Besides myself, there were a handful of other people walking around the Harlem Meer, plus a couple of joggers and a woman doing yoga on the grass. Coming from a culture where parks were overflowing with exercisers first thing in the morning, this one felt empty by comparison, even though it was a beautiful sunny morning, the humidity was low, and the temperature was a comfortable 70 degrees Fahrenheit.

Admittedly, a lack of people in Central park doesn't necessarily mean that no one in New York was exercising. New Yorkers who pay a premium for gym memberships often choose to exercise indoors regardless of the weather conditions. But still, there are 8 million people who live here and only so many gyms. And there are big benefits to being outside.
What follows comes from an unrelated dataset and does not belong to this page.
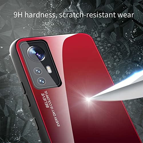 BORYA Cover per Xiaomi 12T 5G, Ultra Sottile Antiurto Morbida Silicone TPU Bumper Custodia, Colorato Gradiente Antigraffio Vetro Temperato Case, Blu-Rosso

Studies show that spending time in green spaces can reduce stress, lower blood sugar, diminish pain, improve concentration and immunity, and even have anti-cancer effects. Research has also uncovered benefits of having physical contact with the earth, including a reduced risk of heart attack and stroke, better sleep, and lower levels of inflammation.

If everyone in the United States followed the Vietnamese example of eating more plants and less meat, consuming whole animals as well as creatures low on the food chain, exercising everyday and spending more time outdoors in green spaces, we would undoubtedly be better off. Vietnam sets a good example and we all should take note.